- REQUIRED WORK: Search the records below for the string "within" and copy each line where it turns up.

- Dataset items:

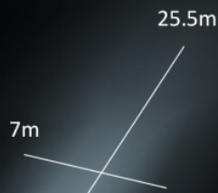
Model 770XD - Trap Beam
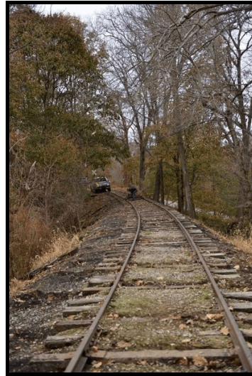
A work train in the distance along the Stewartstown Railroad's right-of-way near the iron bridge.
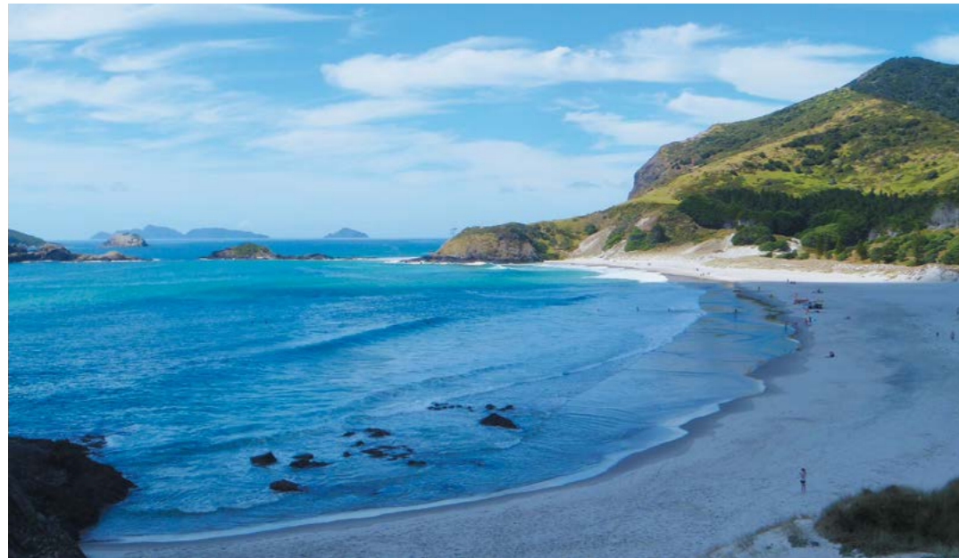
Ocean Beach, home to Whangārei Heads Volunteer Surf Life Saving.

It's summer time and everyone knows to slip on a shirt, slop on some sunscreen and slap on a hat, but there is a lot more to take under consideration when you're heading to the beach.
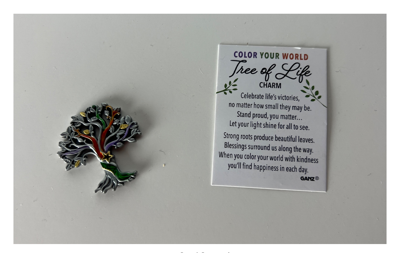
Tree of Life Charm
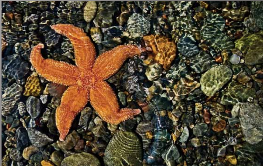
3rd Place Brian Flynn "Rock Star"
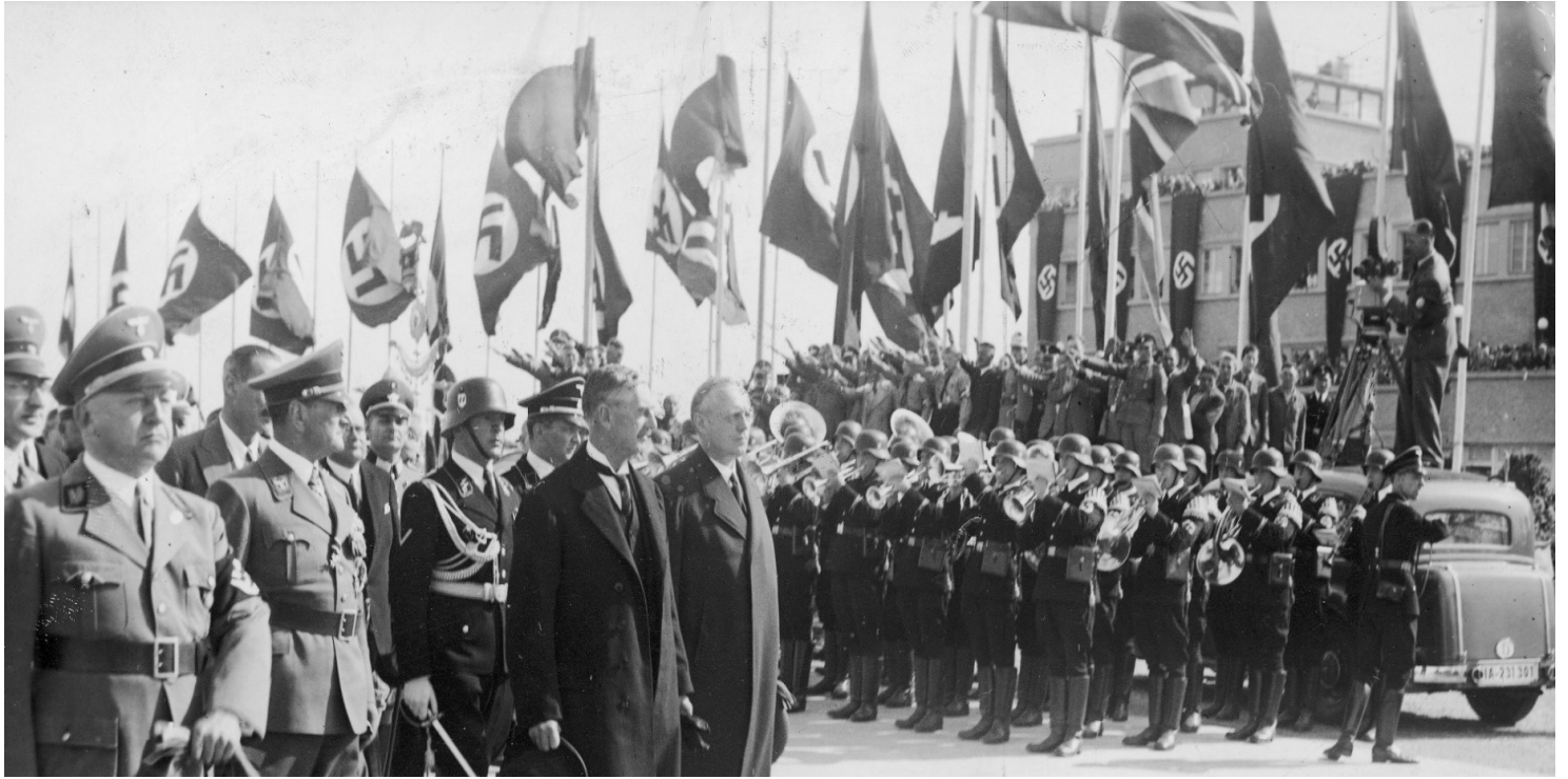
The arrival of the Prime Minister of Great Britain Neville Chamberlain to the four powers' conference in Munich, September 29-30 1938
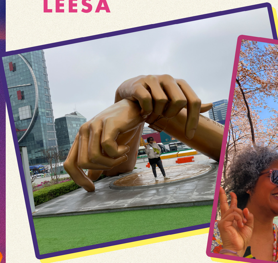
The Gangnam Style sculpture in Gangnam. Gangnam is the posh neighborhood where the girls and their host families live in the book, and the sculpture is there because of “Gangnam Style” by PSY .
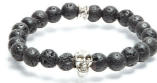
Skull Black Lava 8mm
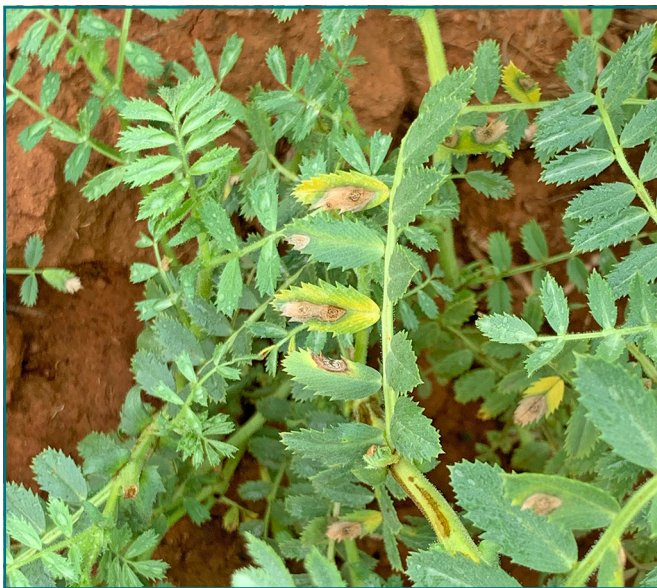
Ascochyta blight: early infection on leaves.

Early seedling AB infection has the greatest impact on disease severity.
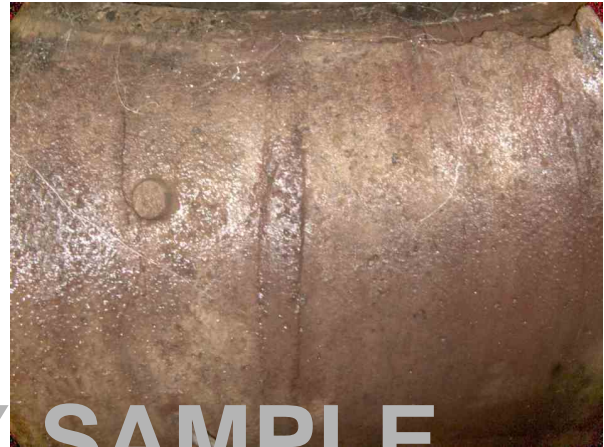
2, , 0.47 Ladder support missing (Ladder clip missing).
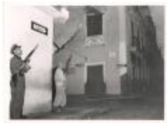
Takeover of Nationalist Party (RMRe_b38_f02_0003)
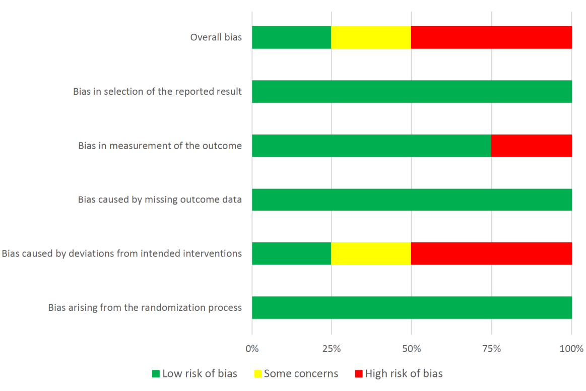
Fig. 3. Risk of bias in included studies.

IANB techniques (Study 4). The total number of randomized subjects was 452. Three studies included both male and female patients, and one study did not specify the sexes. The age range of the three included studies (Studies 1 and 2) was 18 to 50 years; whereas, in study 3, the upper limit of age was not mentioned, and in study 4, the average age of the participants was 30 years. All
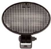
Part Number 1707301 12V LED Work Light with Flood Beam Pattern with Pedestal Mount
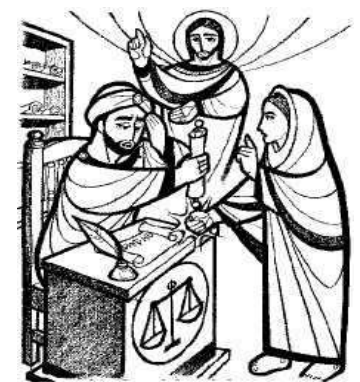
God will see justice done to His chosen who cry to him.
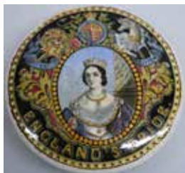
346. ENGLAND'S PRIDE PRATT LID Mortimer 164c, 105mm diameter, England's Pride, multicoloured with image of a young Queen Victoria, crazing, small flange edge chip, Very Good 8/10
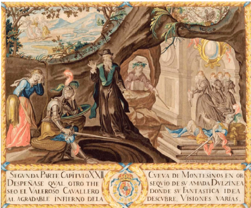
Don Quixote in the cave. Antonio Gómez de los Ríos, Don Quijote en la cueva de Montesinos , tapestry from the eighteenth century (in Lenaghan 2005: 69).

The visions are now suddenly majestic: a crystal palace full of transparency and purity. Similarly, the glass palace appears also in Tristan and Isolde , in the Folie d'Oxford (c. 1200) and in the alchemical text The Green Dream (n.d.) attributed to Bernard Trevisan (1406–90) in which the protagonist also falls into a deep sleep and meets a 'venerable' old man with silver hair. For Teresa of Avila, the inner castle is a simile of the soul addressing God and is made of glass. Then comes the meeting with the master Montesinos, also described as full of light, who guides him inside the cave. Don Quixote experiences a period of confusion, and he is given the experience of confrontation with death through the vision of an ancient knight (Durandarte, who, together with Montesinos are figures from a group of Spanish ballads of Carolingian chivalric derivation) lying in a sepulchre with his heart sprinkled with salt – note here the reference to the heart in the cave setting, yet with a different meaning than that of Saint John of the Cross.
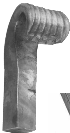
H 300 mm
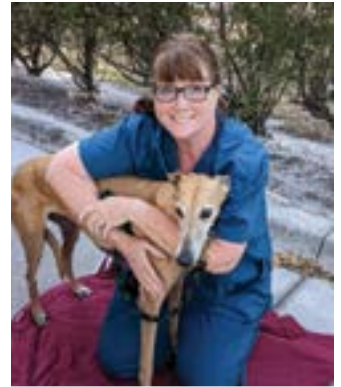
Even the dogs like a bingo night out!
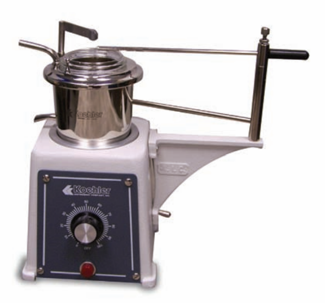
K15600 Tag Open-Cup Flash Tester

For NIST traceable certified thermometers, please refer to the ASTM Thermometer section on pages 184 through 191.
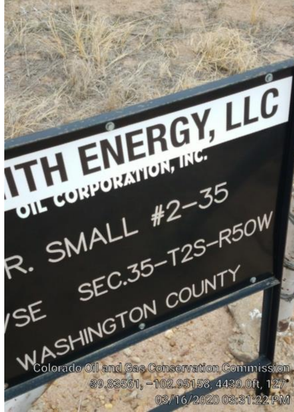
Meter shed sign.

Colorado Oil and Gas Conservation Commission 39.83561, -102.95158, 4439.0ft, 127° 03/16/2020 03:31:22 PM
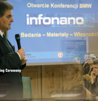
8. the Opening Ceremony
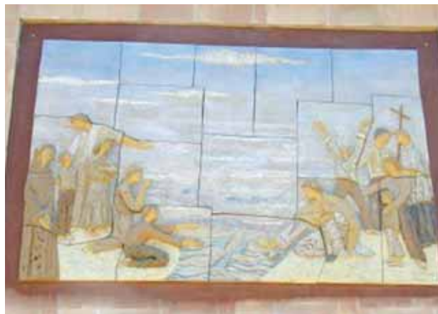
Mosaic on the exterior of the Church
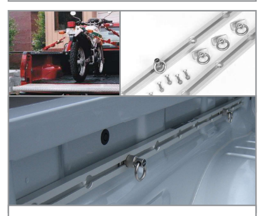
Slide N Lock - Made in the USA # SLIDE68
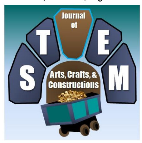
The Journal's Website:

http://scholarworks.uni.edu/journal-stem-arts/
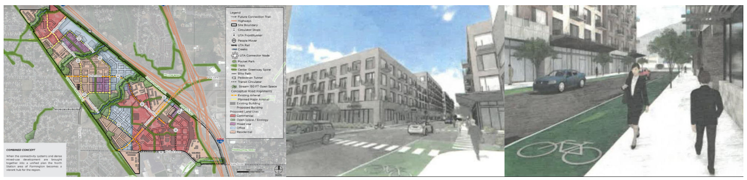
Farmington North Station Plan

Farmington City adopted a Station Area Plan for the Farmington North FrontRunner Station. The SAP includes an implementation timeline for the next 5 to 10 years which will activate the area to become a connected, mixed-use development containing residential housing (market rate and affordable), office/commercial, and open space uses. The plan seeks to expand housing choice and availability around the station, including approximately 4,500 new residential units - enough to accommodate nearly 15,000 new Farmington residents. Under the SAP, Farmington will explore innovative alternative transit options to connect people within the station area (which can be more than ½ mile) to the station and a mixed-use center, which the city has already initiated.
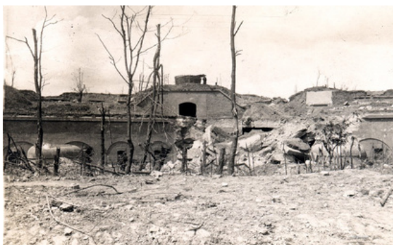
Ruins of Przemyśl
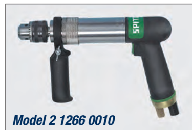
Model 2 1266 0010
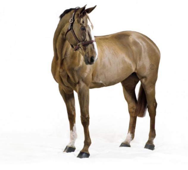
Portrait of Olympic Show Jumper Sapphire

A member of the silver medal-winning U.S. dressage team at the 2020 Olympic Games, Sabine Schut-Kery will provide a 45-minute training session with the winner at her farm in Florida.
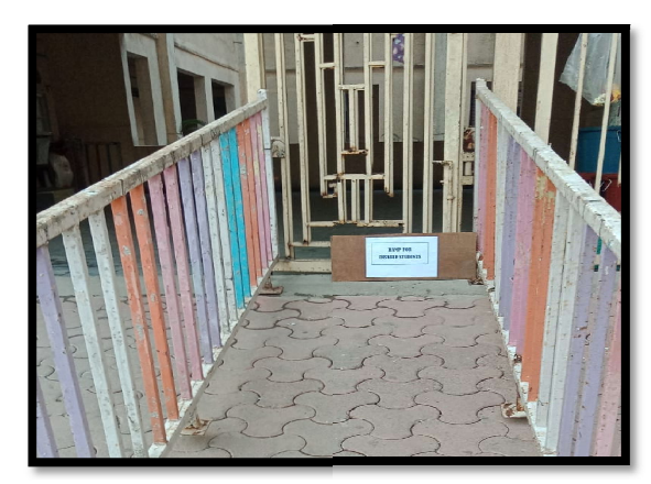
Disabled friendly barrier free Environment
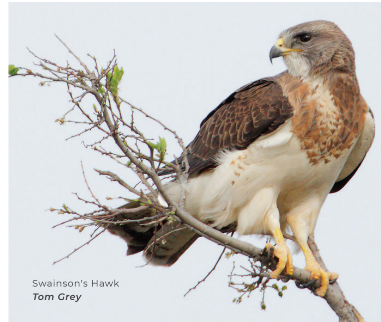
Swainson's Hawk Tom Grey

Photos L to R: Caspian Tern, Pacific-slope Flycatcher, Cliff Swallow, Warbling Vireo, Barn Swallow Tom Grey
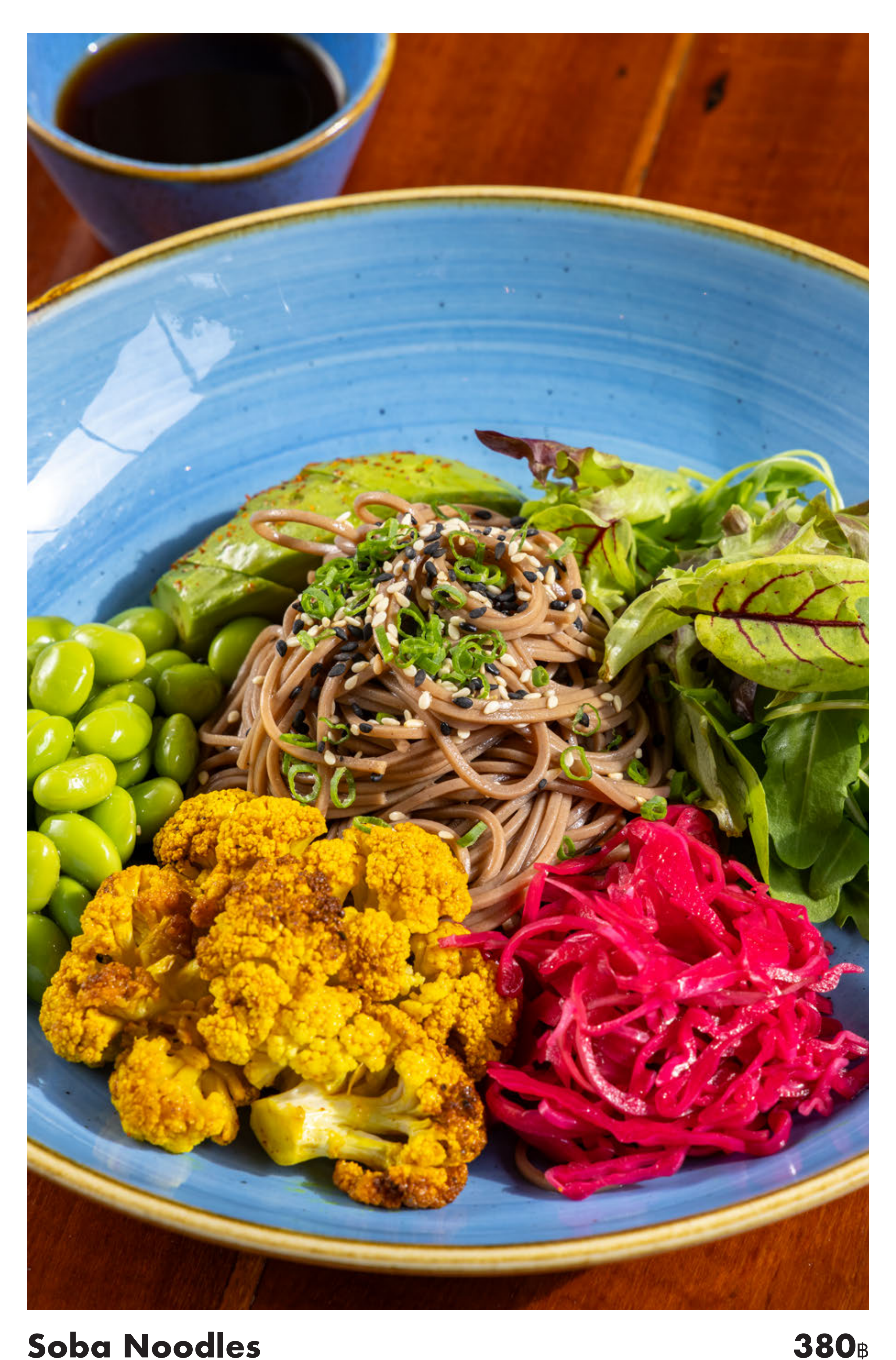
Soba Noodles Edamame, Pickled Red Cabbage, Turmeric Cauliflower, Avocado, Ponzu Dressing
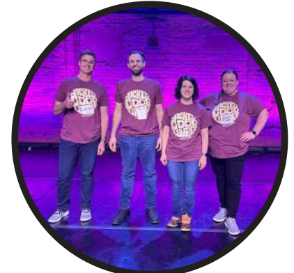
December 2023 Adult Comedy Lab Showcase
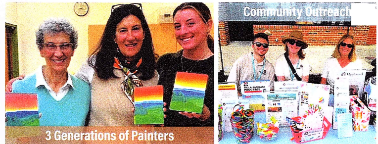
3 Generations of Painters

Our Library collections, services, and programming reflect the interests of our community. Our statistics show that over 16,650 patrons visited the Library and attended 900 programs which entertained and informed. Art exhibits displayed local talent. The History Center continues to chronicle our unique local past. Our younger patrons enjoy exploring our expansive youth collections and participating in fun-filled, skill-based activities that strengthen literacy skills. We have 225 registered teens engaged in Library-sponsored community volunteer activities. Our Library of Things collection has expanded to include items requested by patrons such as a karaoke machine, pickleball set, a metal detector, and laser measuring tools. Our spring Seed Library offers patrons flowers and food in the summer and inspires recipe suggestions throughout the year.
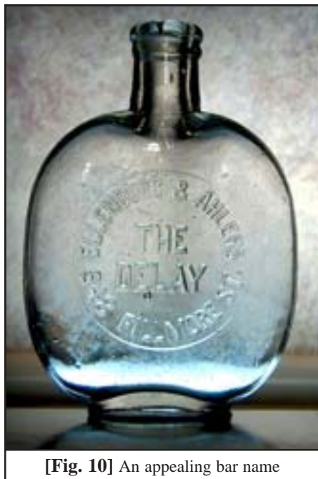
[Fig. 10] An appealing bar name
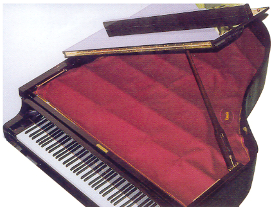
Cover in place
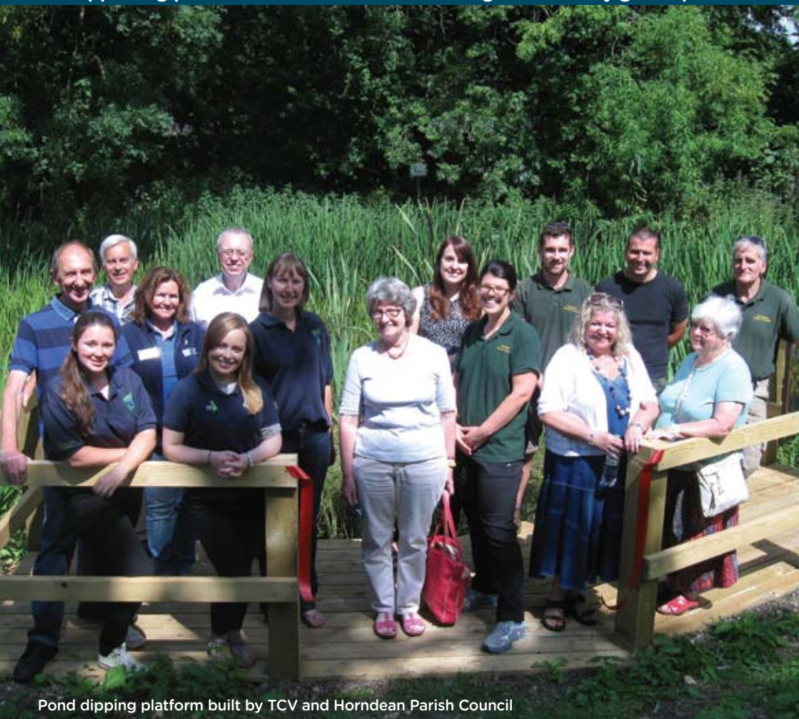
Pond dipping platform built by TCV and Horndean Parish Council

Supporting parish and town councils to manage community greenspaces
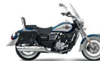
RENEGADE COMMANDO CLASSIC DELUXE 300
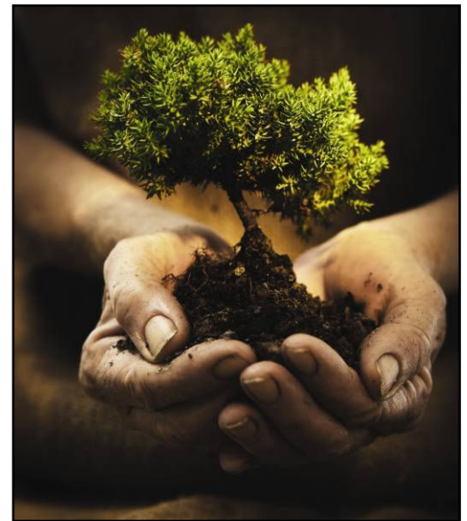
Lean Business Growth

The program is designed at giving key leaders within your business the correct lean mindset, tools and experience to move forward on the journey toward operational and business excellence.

- SOLUTION:
Farmington City adopted a Station Area Plan for the Farmington North FrontRunner Station. The SAP includes an implementation timeline for the next 5 to 10 years which will activate the area to become a connected, mixed-use development containing residential housing (market rate and affordable), office/commercial, and open space uses. The plan seeks to expand housing choice and availability around the station, including approximately 4,500 new residential units - enough to accommodate nearly 15,000 new Farmington residents. Under the SAP, Farmington will explore innovative alternative transit options to connect people within the station area (which can be more than ½ mile) to the station and a mixed-use center, which the city has already initiated.
The program is designed at giving key leaders within your business the correct lean mindset, tools and experience to move forward on the journey toward operational and business excellence.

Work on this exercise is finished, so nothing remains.